The official forecast did not initially anticipate continuing significant rain throughout the April/May 1998 Long Rains period. In fact, a drought was predicted, whereas May in particular, turned out to be significantly wet and comparable to the previous 1986, 1981, 1980, 1967 and 1958 years with above average May rainfall. Later forecasts were revised to accurately predict the arrival of the cool dry weather appropriate to the season.
The Imminent La Niña
It is likely that the next El Niño will be anticipated with the expectation that it will be comparable with the current event, and devastatingly wet. However, a review of all El Niño events in the last sixty years suggests that it could as equally be dry as wet and with only minimal departure from average conditions. Based on an examination of all cold events over sixty years, it is probable the imminent La Niña will be dry, although this cannot be predicted with absolute certainty. A clue to what might occur might be found in the prevailing situation in Southern Africa. The May rainfall has been below 25 percent of seasonal average in a broad band from Namibia in the West to Mozambique in the East. It suggests that the ITCZ is adopting a more benign character on its northward passage than it possessed on its earlier southward progression from Central Africa. While the character of the ITCZ can alter during its passage north or south, observation suggest that it is more likely to mimic its profile set at its tropical limits. Hindsight suggests it might have been appropriate to acknowledge the highly active nature of the ITCZ in the Horn of Africa in mid-1997, and to have at least considered the possibility of an above average and even exceptional rainy season in Kenya.

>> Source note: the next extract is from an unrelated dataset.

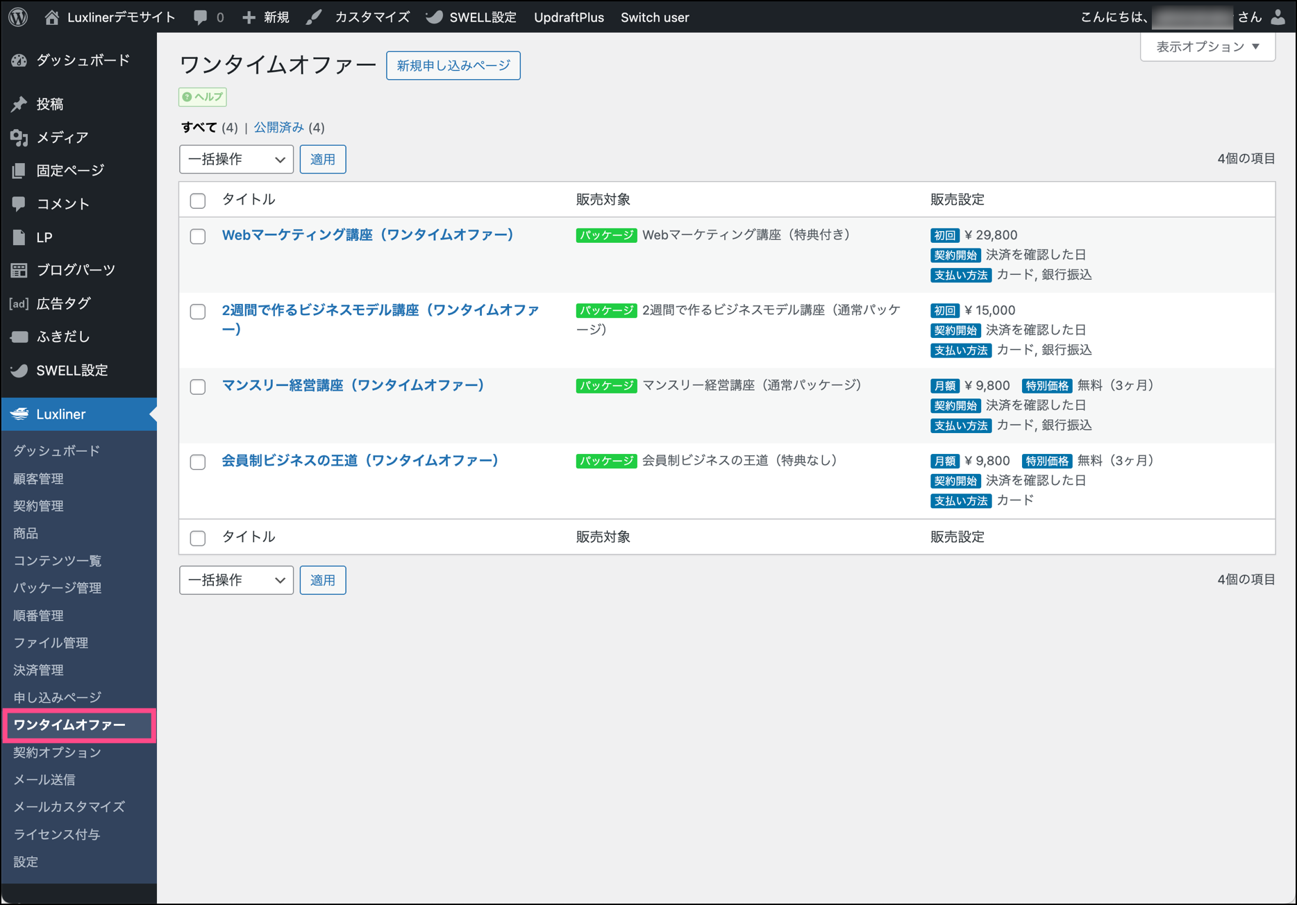 Luxlinerのメニューからワンタイムオファーをクリックすると、ワンタイムオファー一覧画面が表示されます。

As alluded to earlier, there are many factors which contribute to Kenya’s weather patterns. ENSO is one of these and under the majority of situations is unlikely to be the dominant factor. El Niño may or may not have caused the remarkable weather of 1998, although given the abundance of El Niño-induced weather globally, it would take a brave person to deny the connection. Yet heavy rainfall has occurred in non-El Niño years, particularly in 1961/62. The year most similar to 1998 has been 1993 another non-El Niño year. Rather than concentrating on identifying the link between ENSO and Kenya weather anomalies, researchers should also consider the meteorological similarities that might exist during years with comparable weather patterns irrespective of the existence of ENSO.
Conventional wisdom suggests that 1999 might be dry. La Niña events have been coincident with drier periods in Kenya. Public expectation would be for weather of an opposite kind to the 1998 wet ‘El Niño’. If this comes to pass, then it will establish or reinforce a perception of the next El Niño being wet. Policy decisions, if based on this, might be inappropriate and expensive.

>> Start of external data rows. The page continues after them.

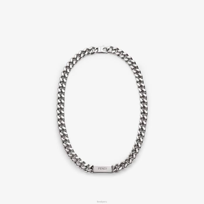 Collar de eslabones de cadena cerrado con clip. fabricado en metal con acabado paladio sin níquel. decorado con una placa y letras fendi.
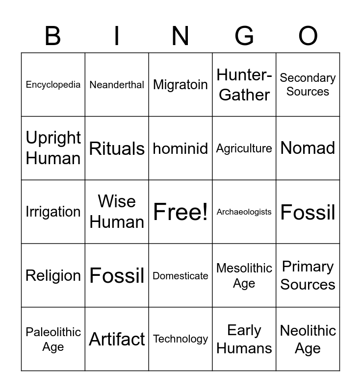 This bingo card has a free space and 24 words: Fossil, Artifact, hominid, Paleolithic Age, Secondary Sources, Encyclopedia, Upright Human, Neanderthal, Archaeologists, Domesticate, Agriculture, Irrigation, Mesolithic Age, Primary Sources, Rituals, Early Humans, Fossil, Migratoin, Nomad, Wise Human, Neolithic Age, Religion, Hunter-Gather and Technology.
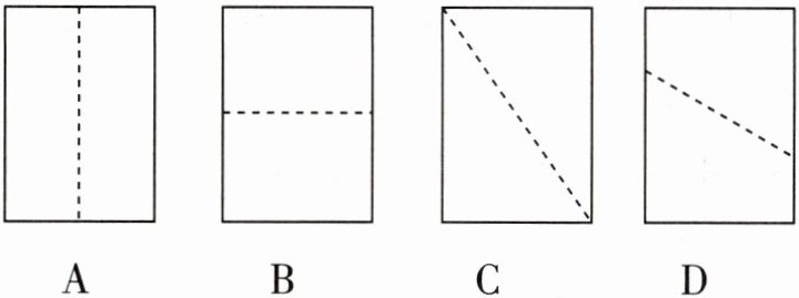 11 新考法 [2025镇江期中]小明准备用一张长方形A4纸片,通过折叠两次的方式找到一些折痕和点,然后用直尺连线画出一个等边三角形。下面哪个图应该是他的第一次折痕?(

It is essential that new investigations of teleconnections are initiated, particularly for those areas where the ENSO signal is more capricious than for those areas where the response is automatic and relatively predictable. Public information on ENSO will also need to be carefully tailored to take account of the many uncertainties surrounding the issue and with our limited ability to make accurate predictions.